[WHAT TO PRODUCE]
Please reproduce all of the listing below exactly and drop its images.

[Opening DATA FOR ANALYSIS section]

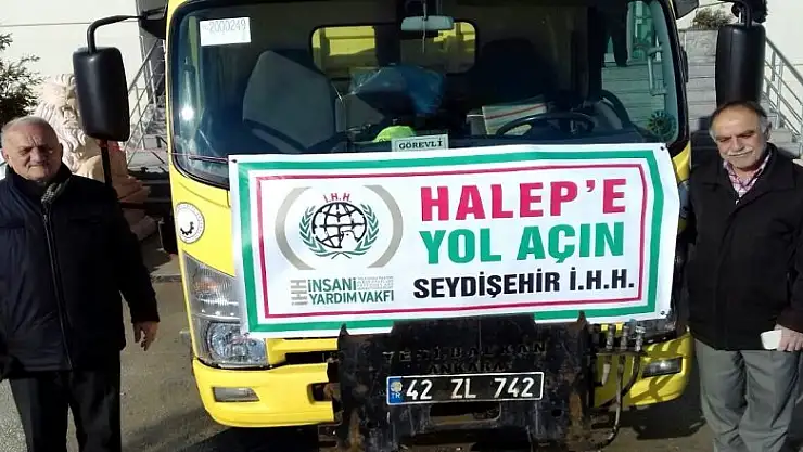 Seydişehir'de başlatılan Halep'e yol açın kampanyasında toplanan gıda, giyim, ilaç yardımlarından oluşan bir tır malzeme Haleplilere gönderildi.
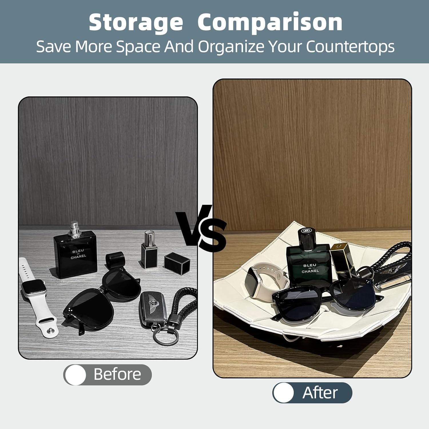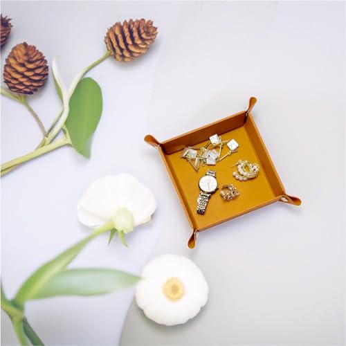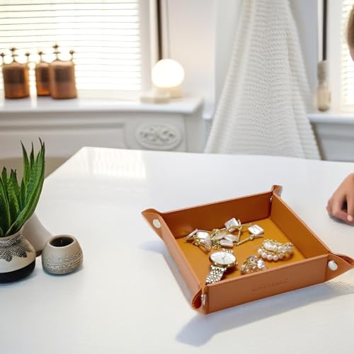 PU Leather Valet Tray for Men, Portable Key Bowl for Entryway Table, Bedside Nightstand Desk Catchall Organizer Tray, EDC Dump Tray for Wallet, Watch, Remote, Coin Change, Phone, Jewelry
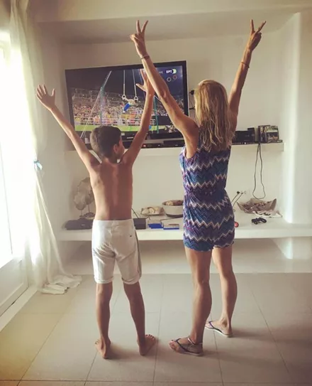 Παρακολουθώντας τους Ολυμπιακούς αγώνες παρέα με τον ένα γιο της
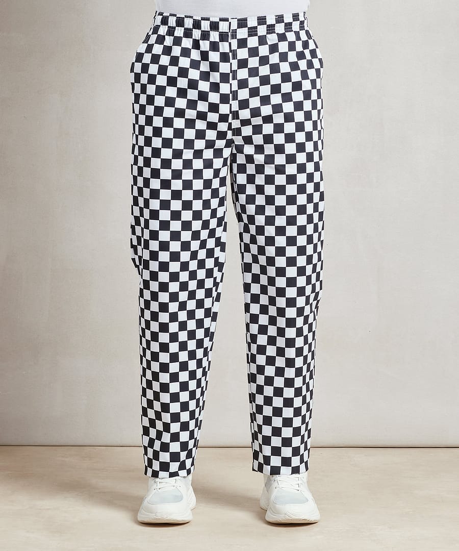 Unisex pull on chefs trouser. Available in Black or White check or plain Black. Elasticated waist for easy pull on trouser. Unisex sizing. 30.5″ inside leg. Side swing pockets. Drawcord.
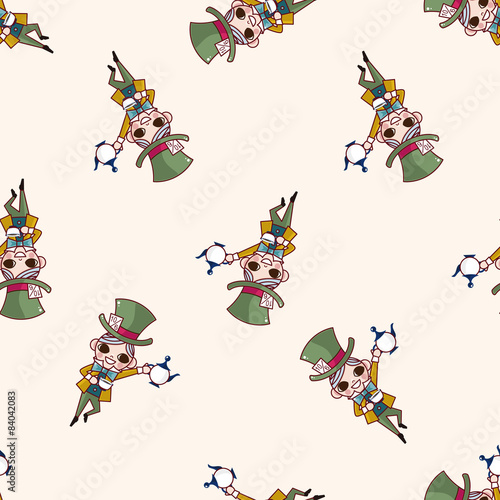 Векторный бесшовный узор с милой маленькой ведьмой, читающей волшебную книгу, держащей бутылку с зельем и метлы, котлы, летучих мышей вокруг нее. Фон для Хэллоуина, обои, ткань, оберточная бумага.
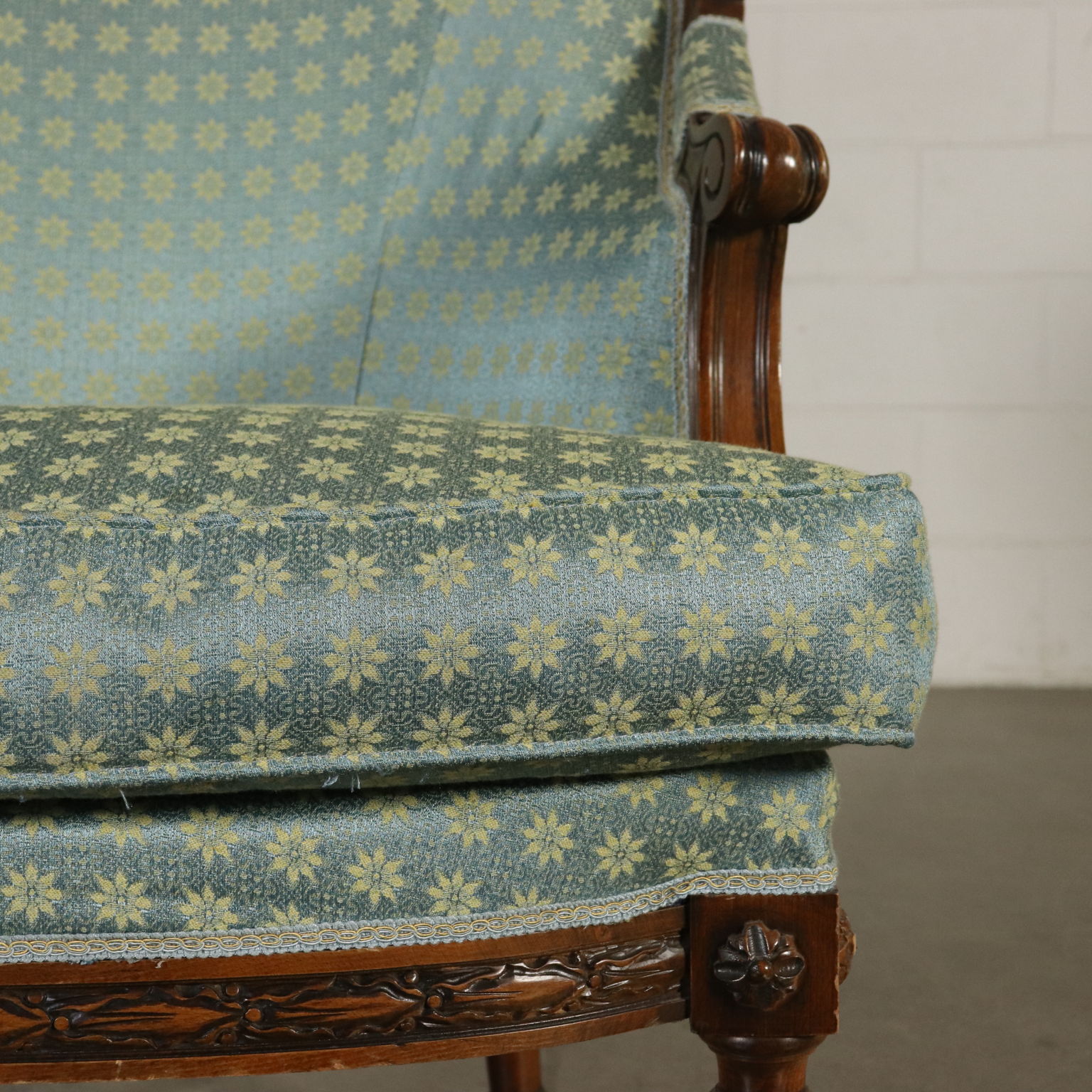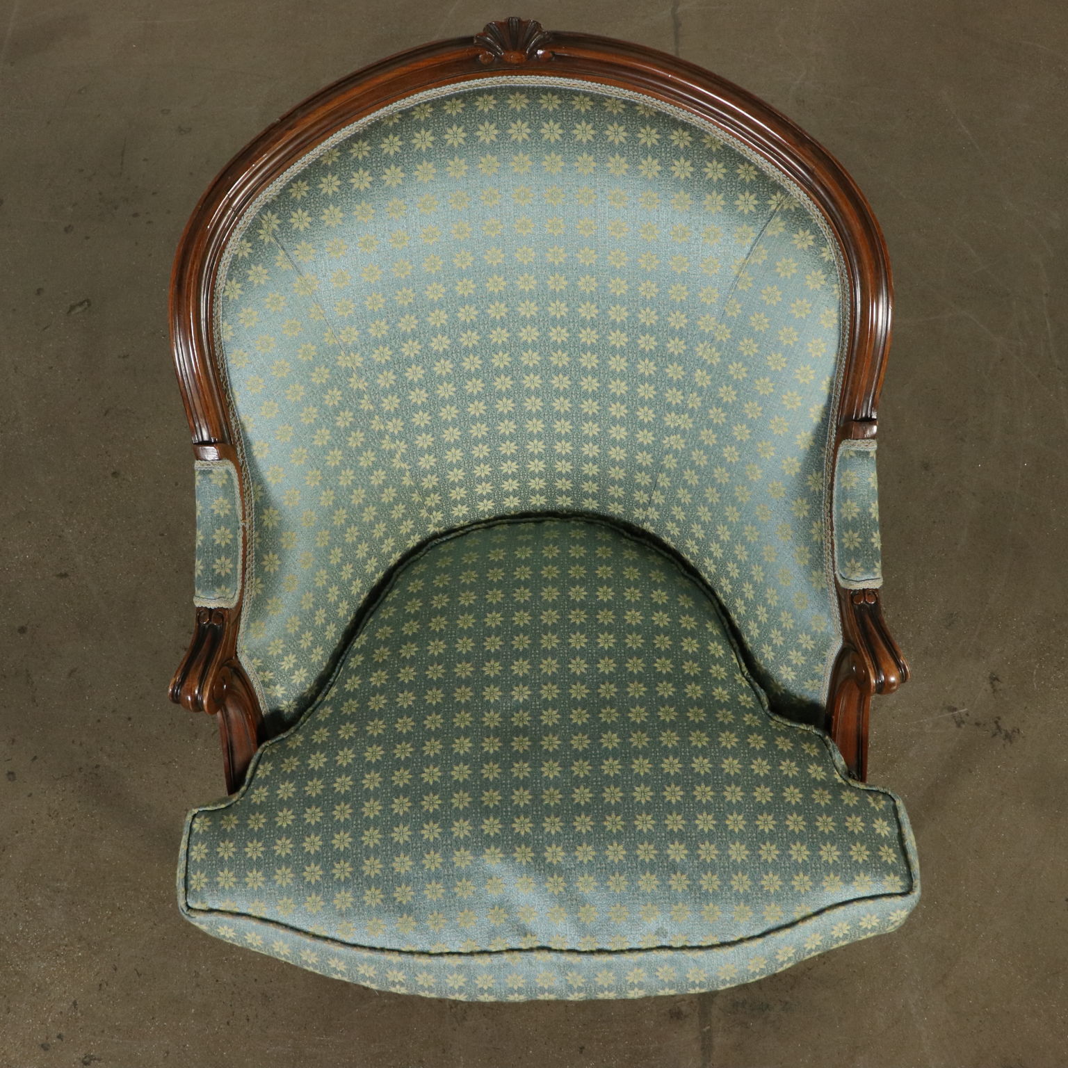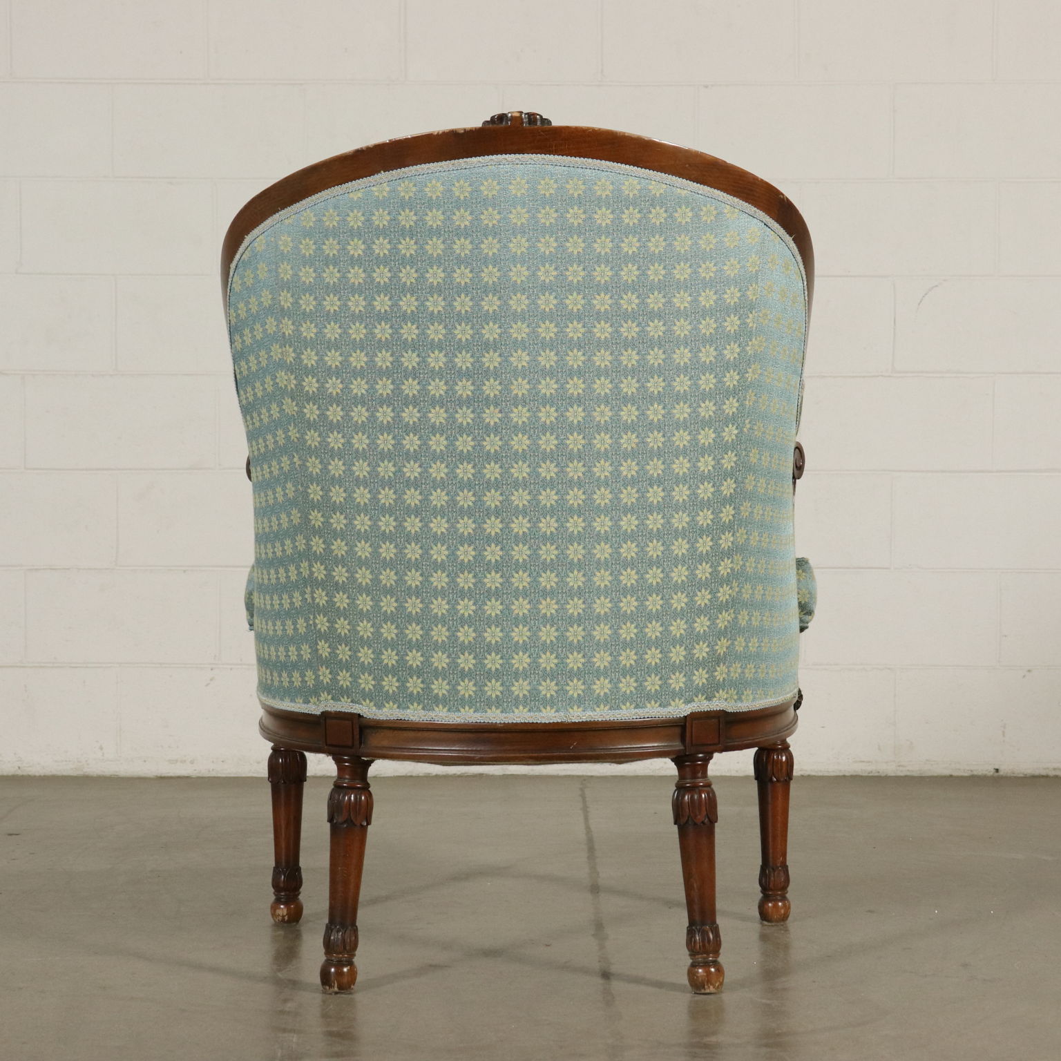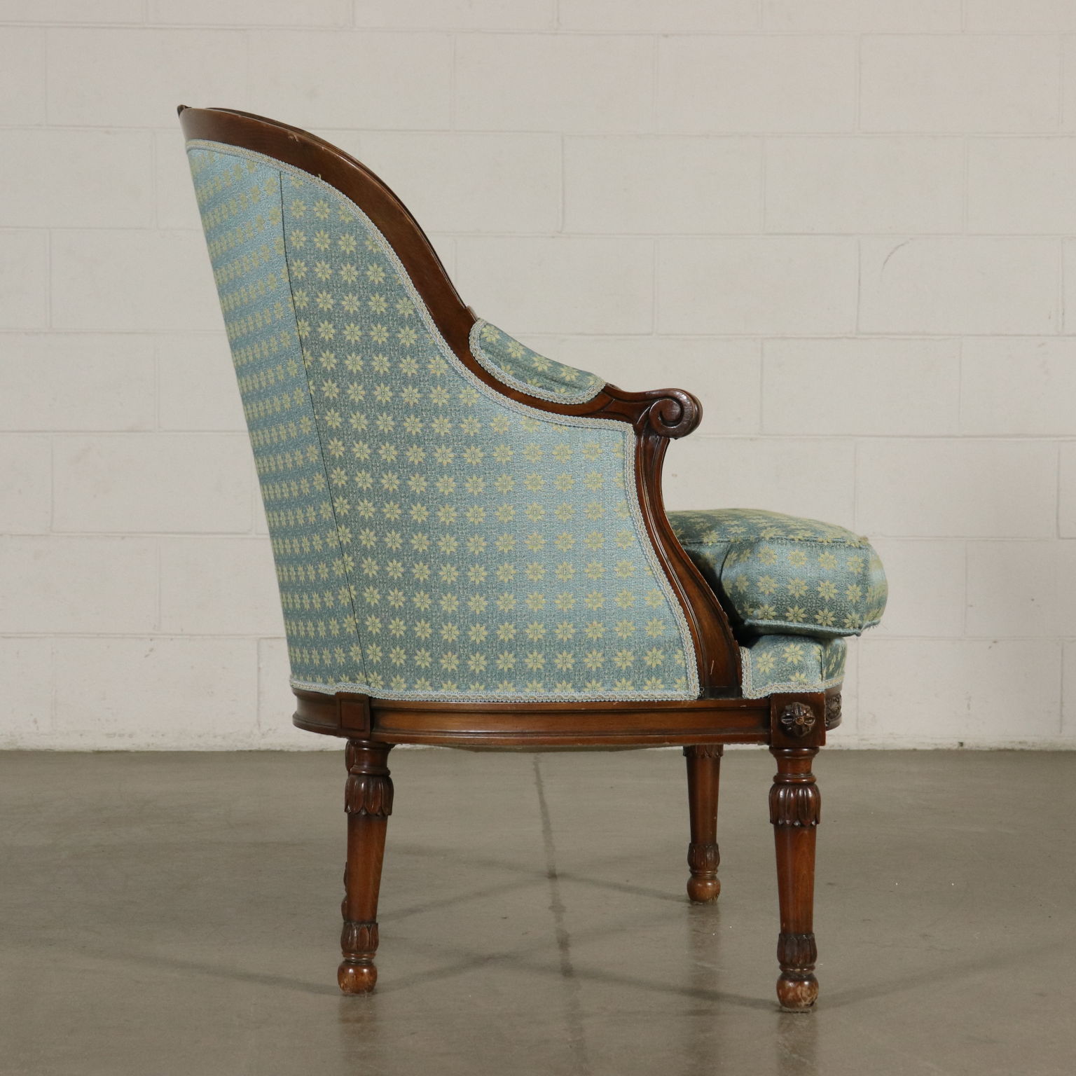 Gruppo di sei poltrone in stile rette da gambe tornite ed intagliate. Braccioli a ricciolo. Seduta e schienale imbottiti.
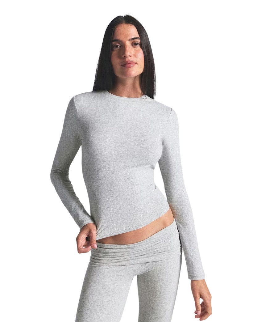 Skims Soft Smoothing Seamless Long Sleeve T-Shirt Light Heather Grey
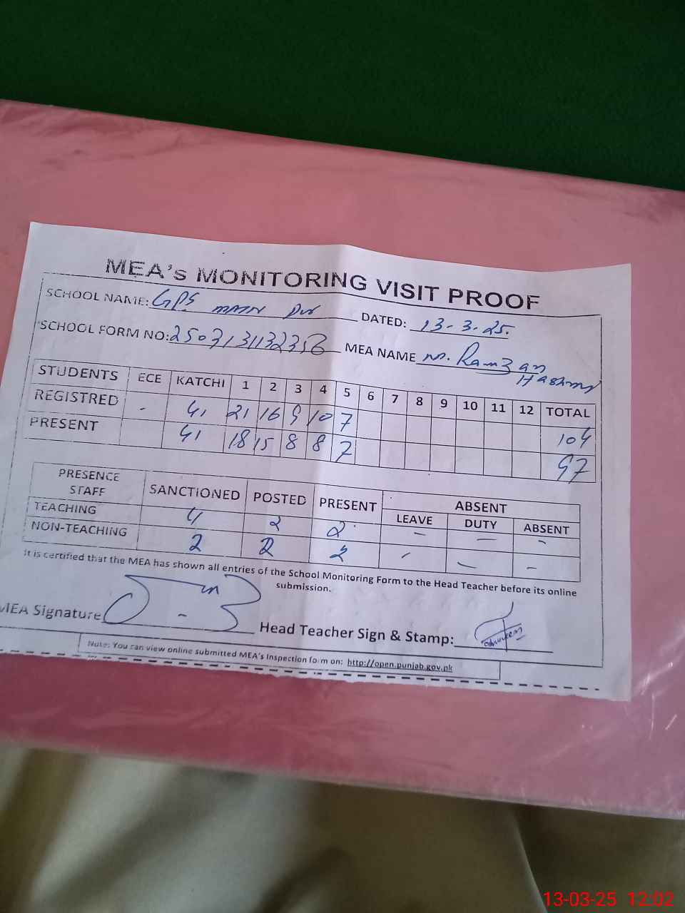 | Attendance Register | Head Teacher | MEA with School | Visit Proof |
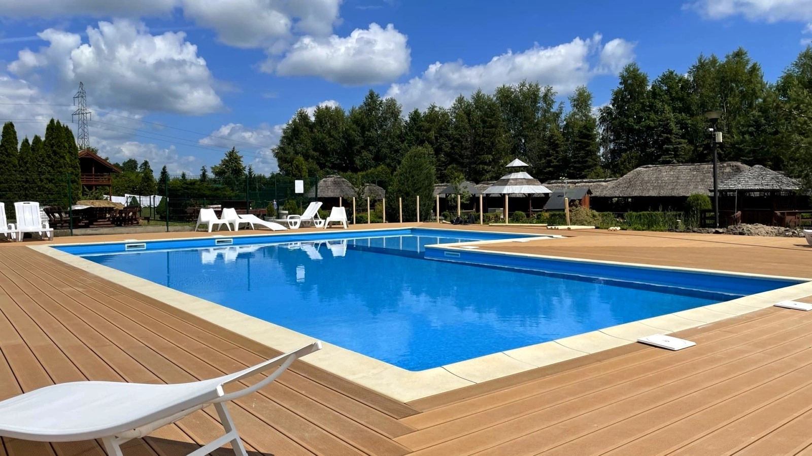 Basen o powierzchni 115 m2, łóżka oraz fotele

[Closing DATA FOR ANALYSIS section]

[SOLVED PROBLEM]
 Seydişehir'de başlatılan Halep'e yol açın kampanyasında toplanan gıda, giyim, ilaç yardımlarından oluşan bir tır malzeme Haleplilere gönderildi.
 PU Leather Valet Tray for Men, Portable Key Bowl for Entryway Table, Bedside Nightstand Desk Catchall Organizer Tray, EDC Dump Tray for Wallet, Watch, Remote, Coin Change, Phone, Jewelry
 Παρακολουθώντας τους Ολυμπιακούς αγώνες παρέα με τον ένα γιο της
 Unisex pull on chefs trouser. Available in Black or White check or plain Black. Elasticated waist for easy pull on trouser. Unisex sizing. 30.5″ inside leg. Side swing pockets. Drawcord.
 Векторный бесшовный узор с милой маленькой ведьмой, читающей волшебную книгу, держащей бутылку с зельем и метлы, котлы, летучих мышей вокруг нее. Фон для Хэллоуина, обои, ткань, оберточная бумага.
 Gruppo di sei poltrone in stile rette da gambe tornite ed intagliate. Braccioli a ricciolo. Seduta e schienale imbottiti.
 Skims Soft Smoothing Seamless Long Sleeve T-Shirt Light Heather Grey
 | Attendance Register | Head Teacher | MEA with School | Visit Proof |
 Basen o powierzchni 115 m2, łóżka oraz fotele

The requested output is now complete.